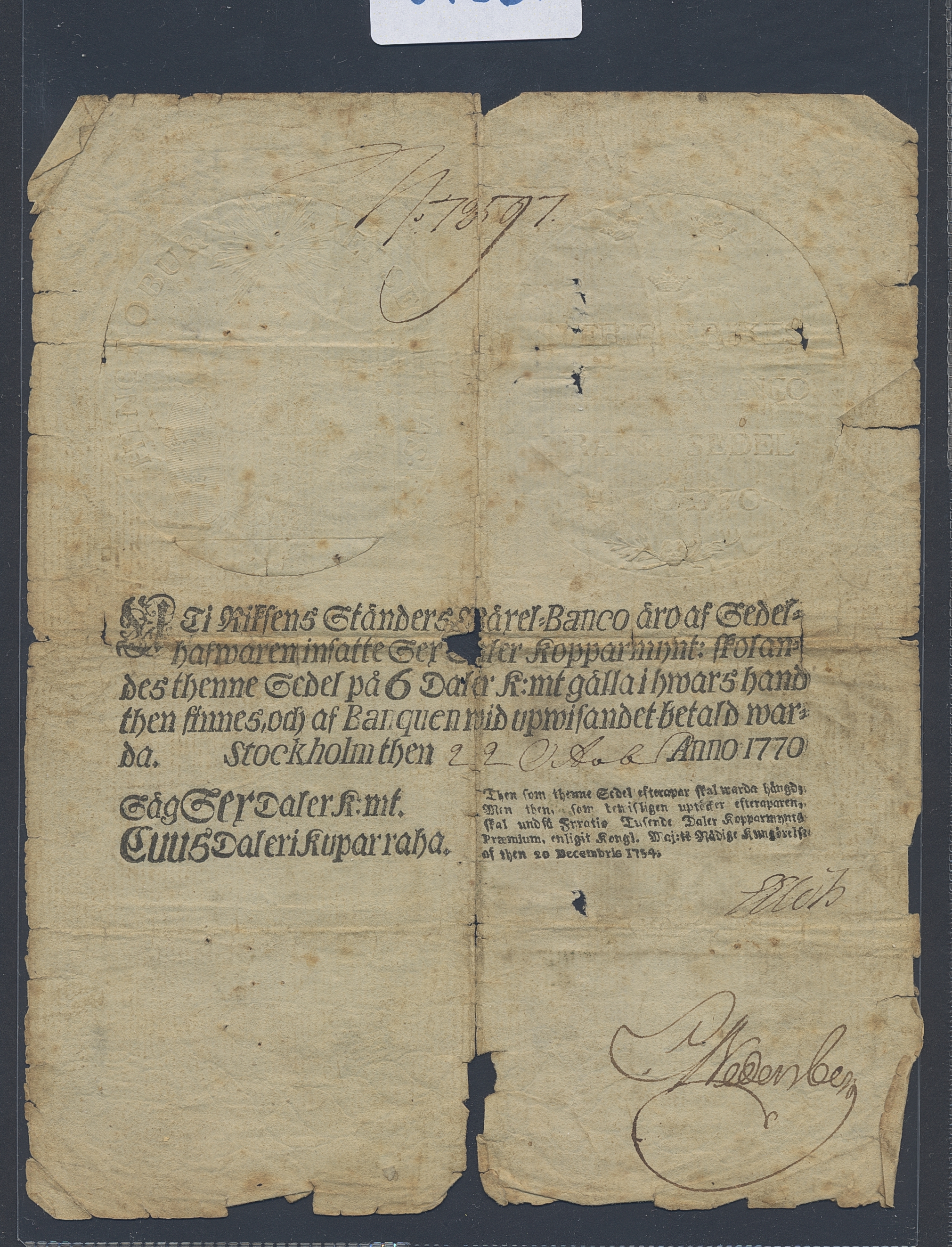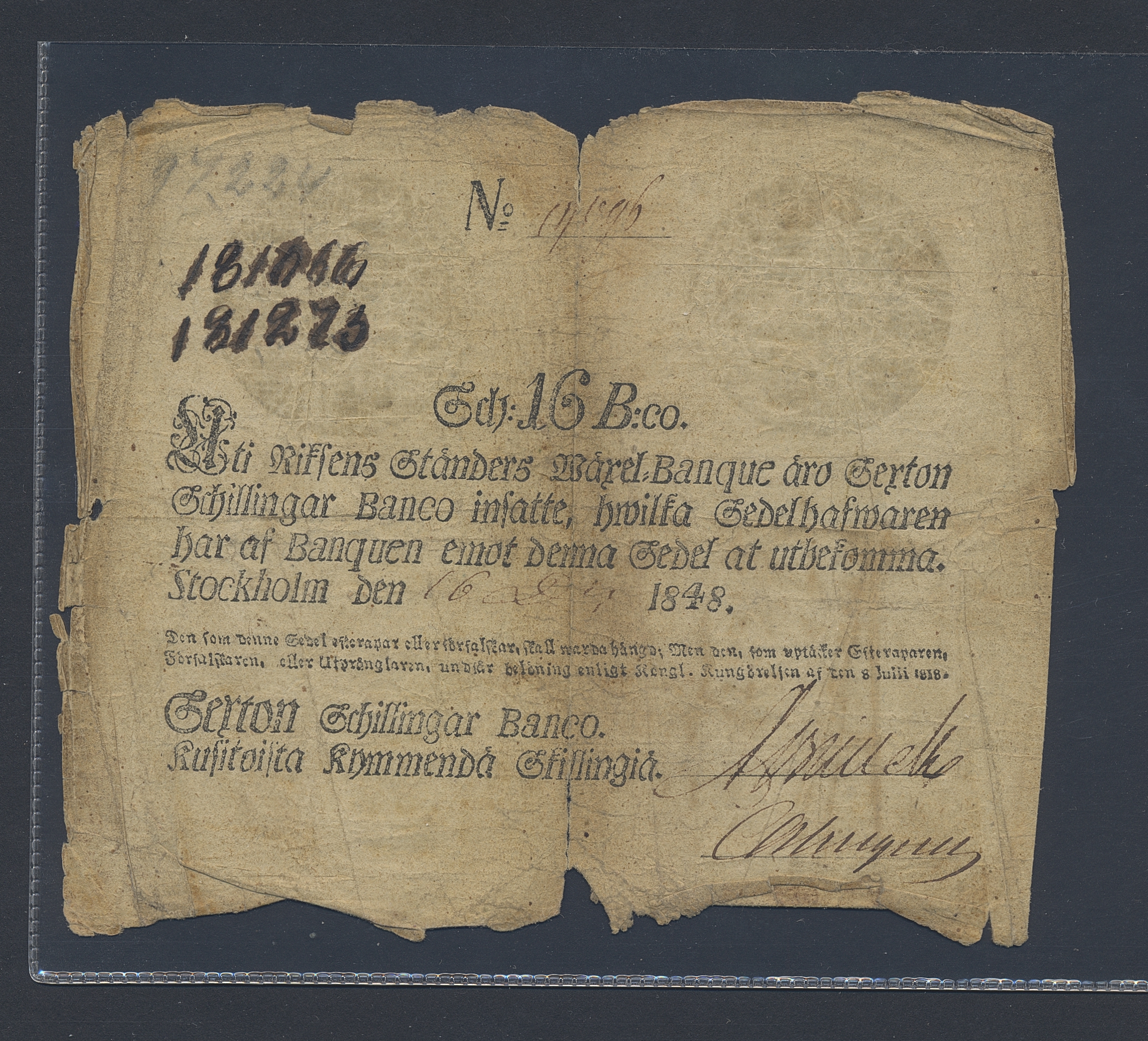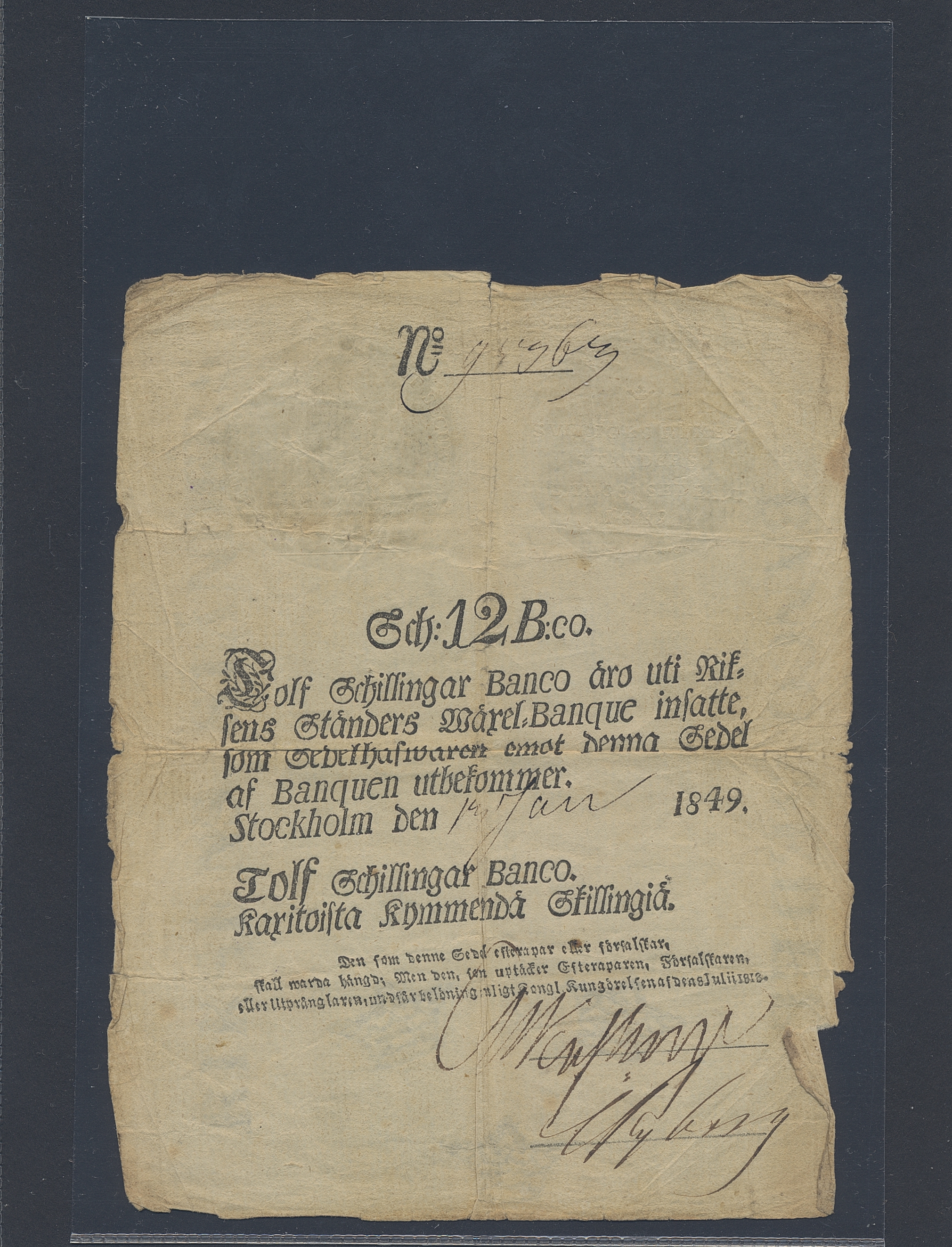 Banknotes, Sweden. Lot. 6 Daler Kopparmynt 1770, 16 Skilling Banco 1848 and 12 Skilling Banco 1849. 2/1?-1?
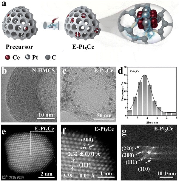 图1展示了E-Pt5Ce催化剂的合成过程和纳米结构
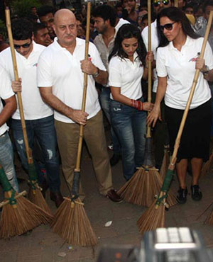 Hrithik Roshan, Neha Dhupia, Subhash Ghai, Shyam Benegal, Anupam Kher and the entire cast of Taarak Mehta Ka Ooltah Chashmahjoin PM Modi's Clean India initiative
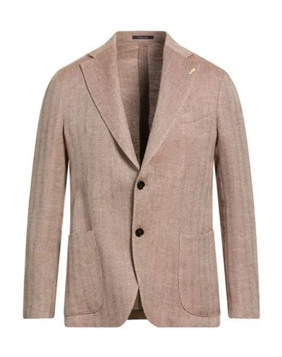 Man Blazer Camel Size 44 Cotton, Linen In Pink
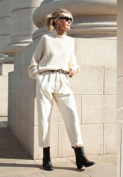Безумно молодящий, освежающий и ультрамодный цвет в современном гардеробе - белый. Ни для кого не секрет, что мы теперь смело носим белую обувь, брюки, джинсы. Еще более смелые и продвинутые модницы облачаются в тотальный белый. Цвет невероятно идет всем, но особенно хорошо смотрится в гардеробе взрослых женщин. Тем, кто пока не решается носить чистый белый, стоит обратиться к близким ему пастельным оттенкам, уходить в теплые (топленое молоко) или холодные (с примесью серого) тона белого.
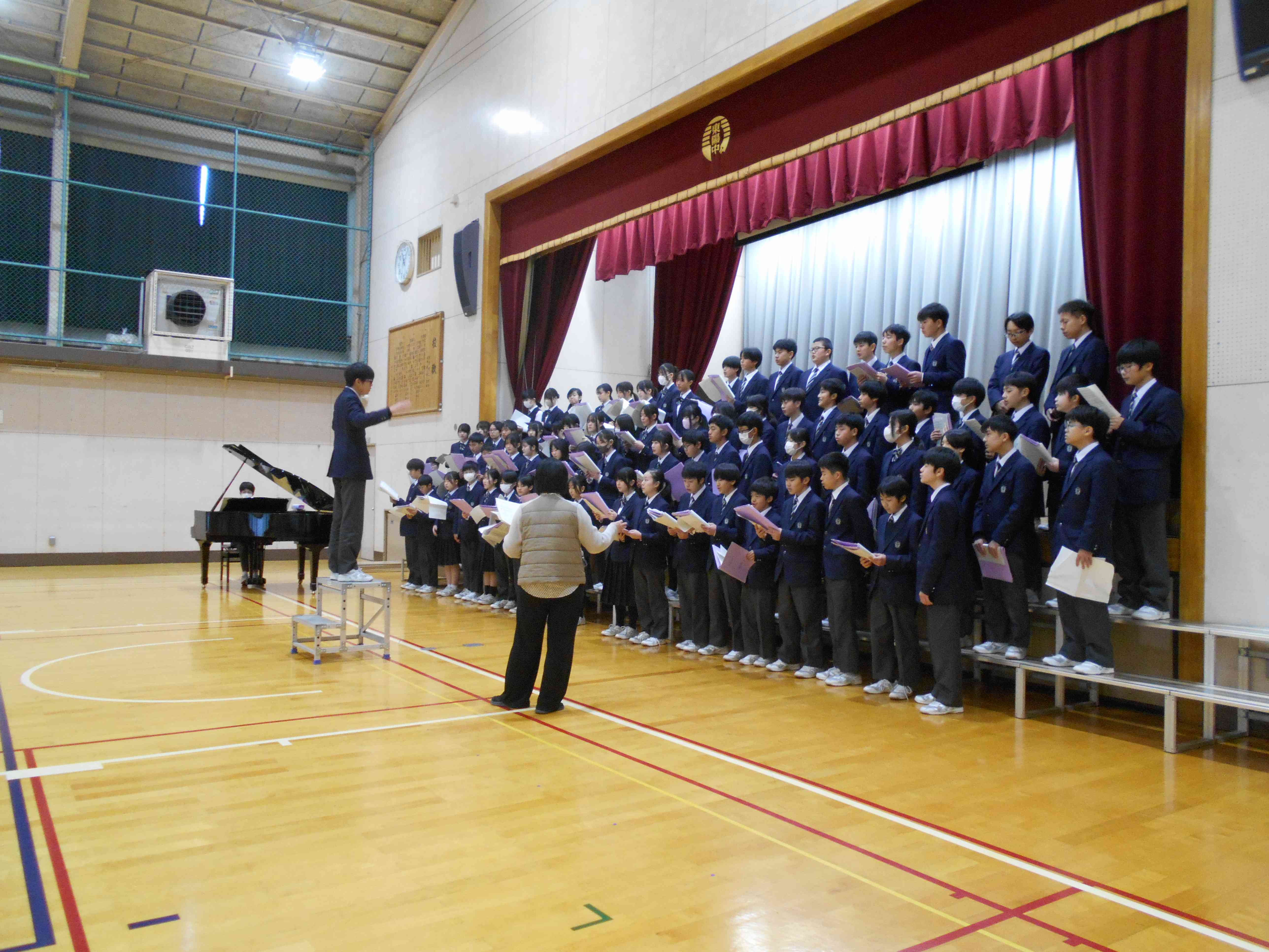 3月5日(木)3校時、1年生は3年生を送る会に向けて、合唱練習を行いました。 指揮者、伴奏者の生徒が中心となり、練習を進めていました。 副校長 山田陽子
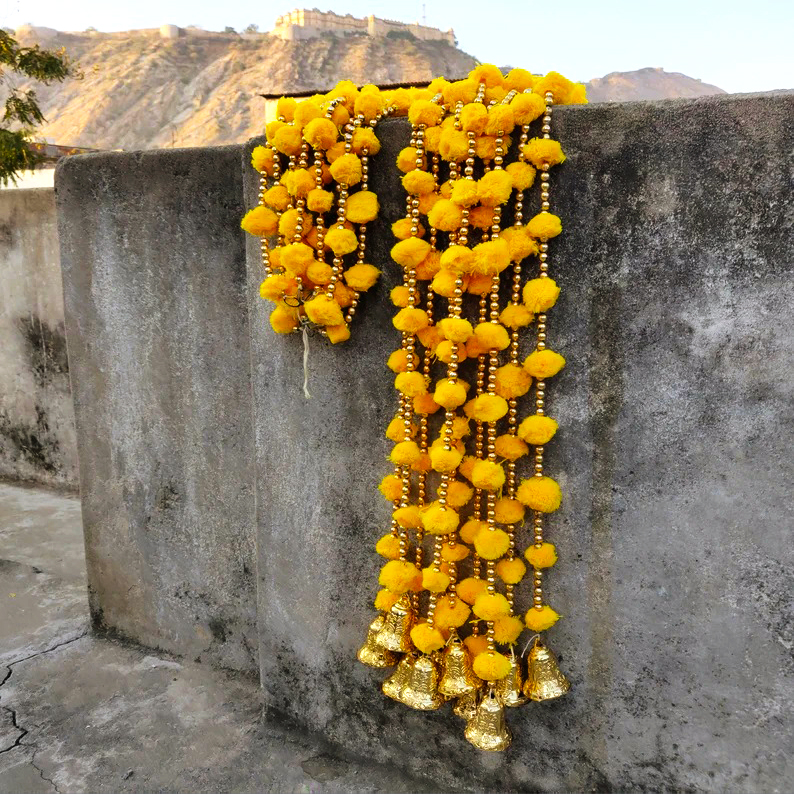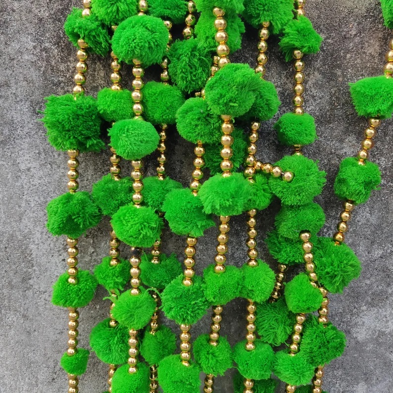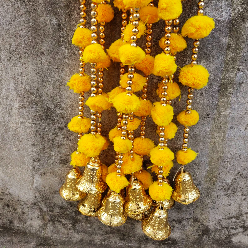 5 Feet’ Pom Pom Decoration Strings with Bells | Handmade Colorful Hanging Garland | Indian Festive Decor | Wedding & Home Decoration
-*-*-
PROBLEM REQUIREMENTS — Only the line with "Man Blazer Camel" and those preceding it, back to the first line of the entries, should be repeated exactly, without pictures.

SOLUTION FOR THIS PROBLEM —
 Banknotes, Sweden. Lot. 6 Daler Kopparmynt 1770, 16 Skilling Banco 1848 and 12 Skilling Banco 1849. 2/1?-1?
 图1展示了E-Pt5Ce催化剂的合成过程和纳米结构
 Hrithik Roshan, Neha Dhupia, Subhash Ghai, Shyam Benegal, Anupam Kher and the entire cast of Taarak Mehta Ka Ooltah Chashmahjoin PM Modi's Clean India initiative
 Man Blazer Camel Size 44 Cotton, Linen In Pink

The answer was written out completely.